Stored entries:
════════

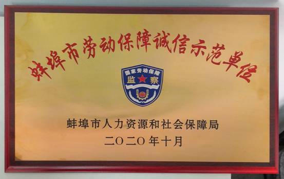 工行蚌埠分行获“劳动保障诚信示范单位”荣誉称号
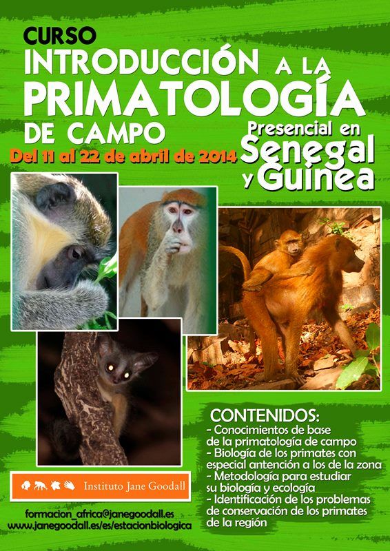 En las mismas fechas tendrá lugar también la primera edición del curso de Iniciación a la primatología de campo, que se desarrollará entre Senegal y Guinea y será impartido por los investigadores de campo del Instituto Jane Goodall España en Senegal. Este curso versará sobre:
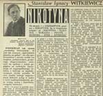 - List Witkacego z 20 VIII 1937 do prof. Juliusza Kleinera, który odwiedził go w Zakopanem, ale nie zastał w domu.
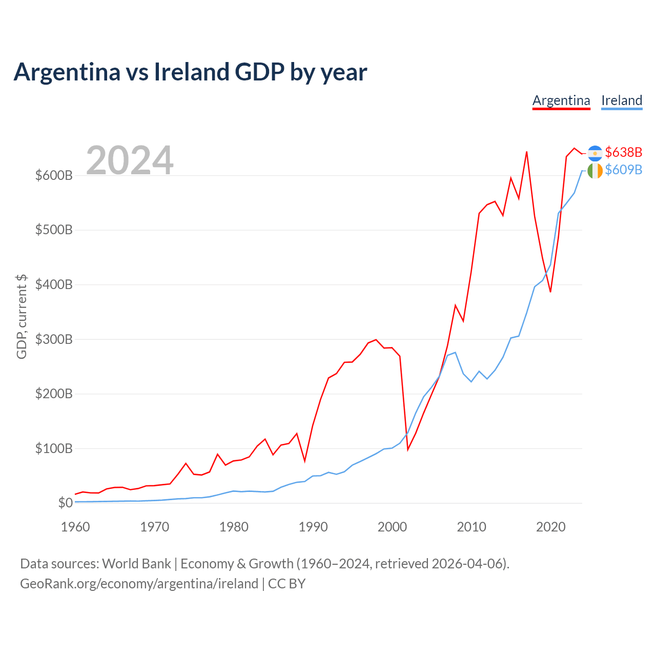 Argentina has a GDP of $638B compared to $609B for Ireland, ranking 24/197 and 25/197 by economy size, respectively.
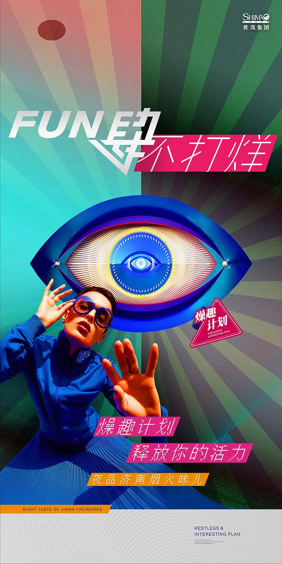 该海报也是采用了混搭的手法,复古风的背景、矢量风格的眼睛、摄影素材(女模特)搭在一起,给人一种不寻常的视觉感受,另外,看似没什么关联的三个元素其实也是有关系的,从人到眼睛,再到背景其实是一个递进的关系,因为眼睛来自于前面的人,而发散的背景来自于眼睛。
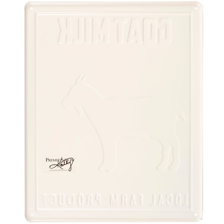 A metal wall décor piece from our Homestead Collection displaying a rustic local farm inspired design of a goat and milk canister with a farm-themed sentiment that reads "Goat Milk 100% Natural Fresh Daily - Ecologically Clean - Local Farm Product." Farm sign design features embossed details and a rust finish for an aged appearance. Our Goat Milk metal wall décor is easy to hang against wall using the included mounting hardware and pre-drilled holes in each corner. A rustic farm-themed home accent perfect for everyday display.
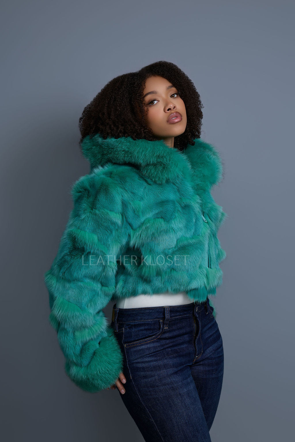 Women's Crop Fox Bomber With Hood [Royal Blue]
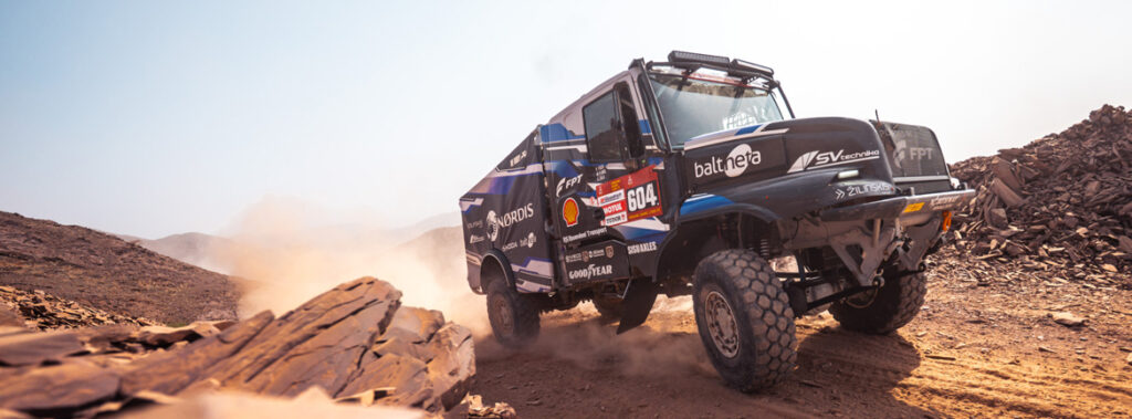 Skozi celotno tekmovanje sta se obe posadki zanašali na Goodyearjeve pnevmatike OFFROAD 375/90R22.5, ki so zasnovane za optimalen oprijem, visoko robustnost in odpornost na toploto v ekstremnih terenskih razmerah. V kombinaciji z Goodyearovim sistemom za nadzor tlaka v pnevmatikah (TPMS) je bila omogočena neprekinjena kontrola tlaka in temperature v realnem času, kar je prispevalo k večjemu nadzoru nad vozilom, optimizirani zmogljivosti in večjemu udobju posadk na zahtevnih etapah.
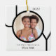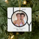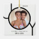 Este moderno Ornamento de Nuestra Primera Navidad como Sr. y Sra. Fotografía está decorado con la palabra JOY en negro sobre un fondo blanco. Personalizable fácil con tu foto y nombre.
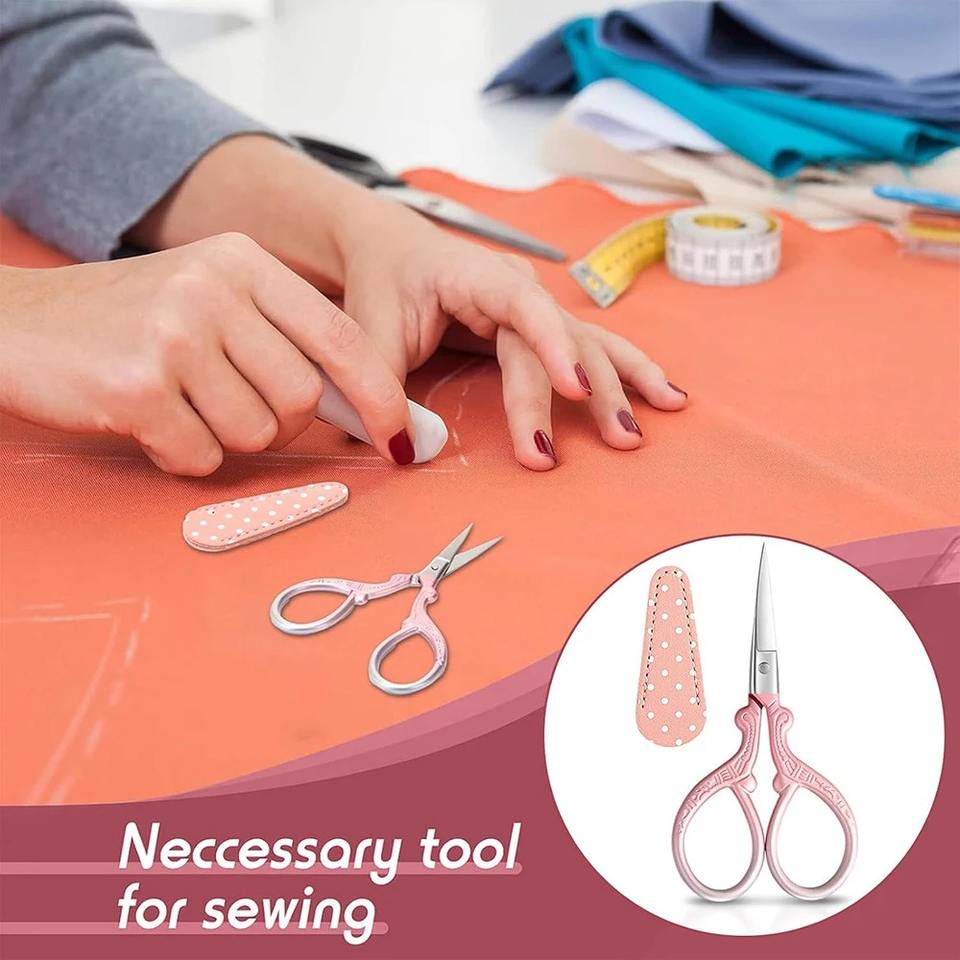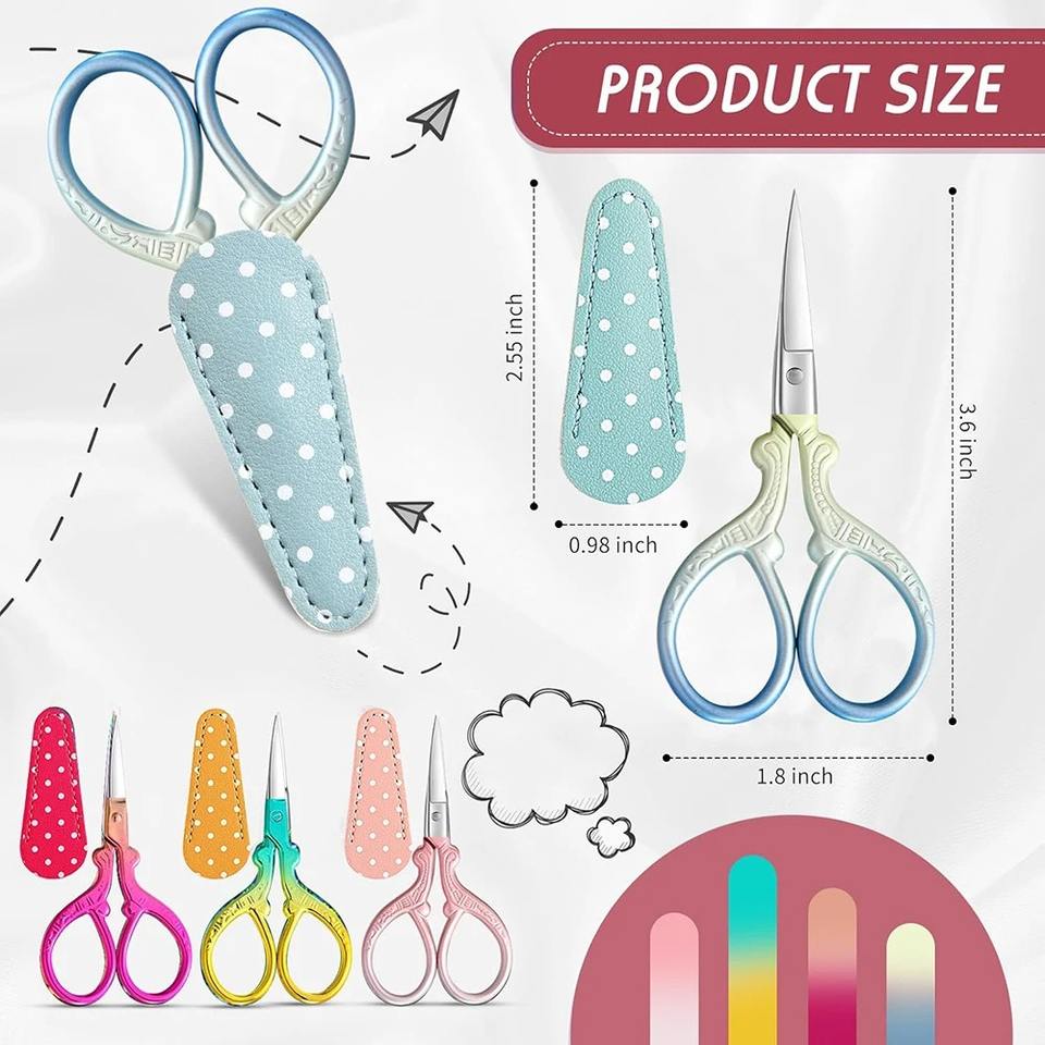 1 pièce Ciseaux à broderie pour cuticules avec étui en cuir synthétique, 3,6 pouces, en acier inoxydable, ciseaux de couture vintage pour travaux d'aiguille
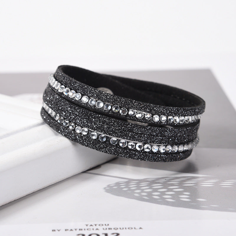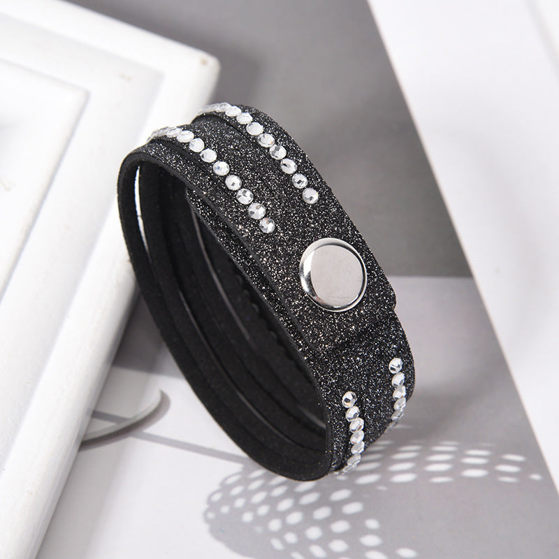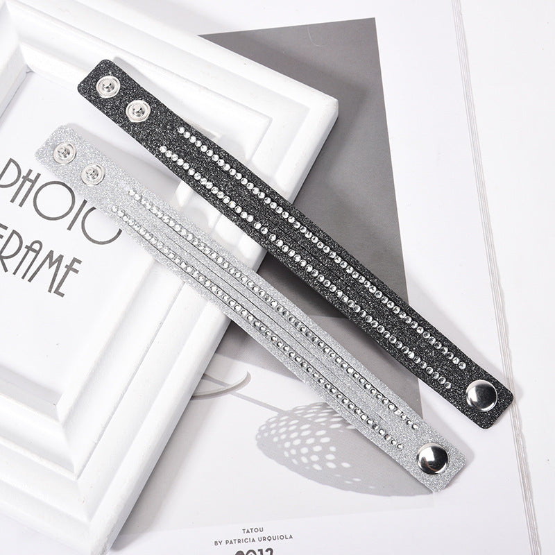2022 creative exaggerated bracelet leather velvet hot diamond bracelet multi-layer bracelet couple accessories foreign trade wholesale

════════

**Assignment:** Exclude the pictures, and output exactly the lines from the one with "Este moderno Ornamento" through the last line of the records, both included.

**Answer area:**
 Este moderno Ornamento de Nuestra Primera Navidad como Sr. y Sra. Fotografía está decorado con la palabra JOY en negro sobre un fondo blanco. Personalizable fácil con tu foto y nombre.
 1 pièce Ciseaux à broderie pour cuticules avec étui en cuir synthétique, 3,6 pouces, en acier inoxydable, ciseaux de couture vintage pour travaux d'aiguille
2022 creative exaggerated bracelet leather velvet hot diamond bracelet multi-layer bracelet couple accessories foreign trade wholesale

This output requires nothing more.